To optimize Hull model, run CS_Implied_Copula_Hull.m. To optimize CCC-distribution model, run CS_Implied_Copula_CCC.m . Data for solving optimization problems are already prepared in the files matrix_A_hull_mid.mat and matrix_A_100_5y.mat .

The MATLAB files for generating data, CDO_cashflow_generator.m, CDO_cashflow_generator_bin.m, CDO_matrix_generator_bid_ask.m are placed to the folder “Data_Genearation”. To generate data, run MATLAB file CDO_matrix_generator_bid_ask.m.

Folder “CDO_data” contains raw iTraxx data.

**References**

• Hull, J., White, A. (2006).
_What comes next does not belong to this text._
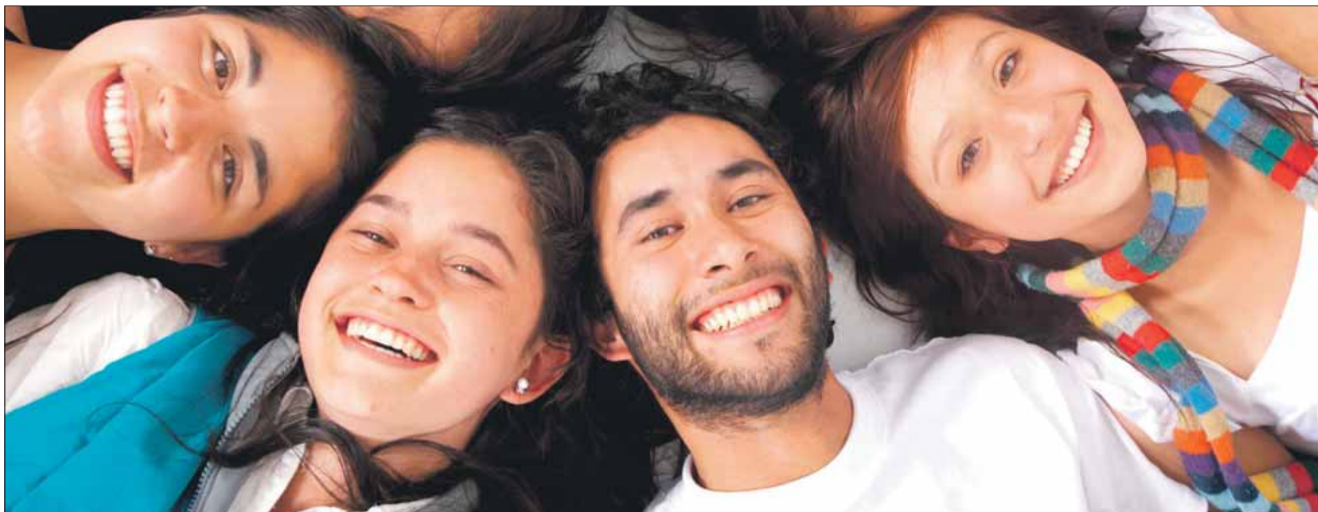
Implicar els joves en la donació, un dels principals objectius d'aquesta edició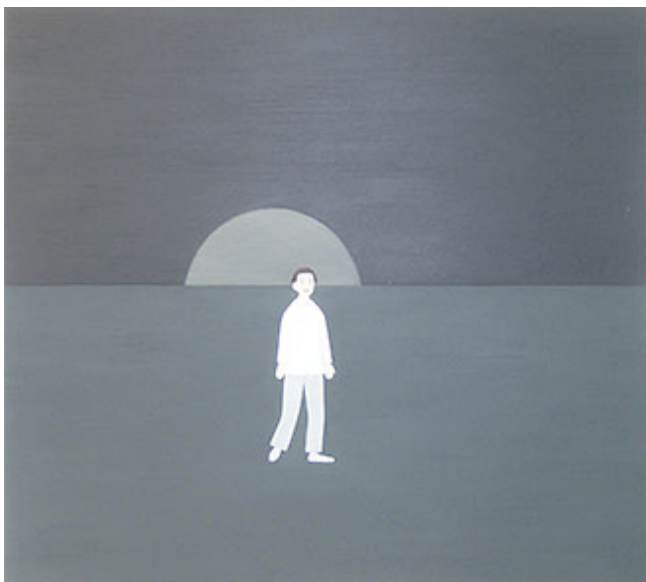
"Solnedgång" Rita Lundqvist

Valuing Credit Derivatives Using an Implied Copula Approach. The Journal of Derivatives 14, 2, 8-28.

• Veremyev, A., Tsyurmasto, P., Uryasev, S. Rockafellar, R.T. (2012). Convex-Concave-Convex Distributions in Application to CDO Pricing. Research Report 2012-1, ISE Dept., University of Florida, June 2012.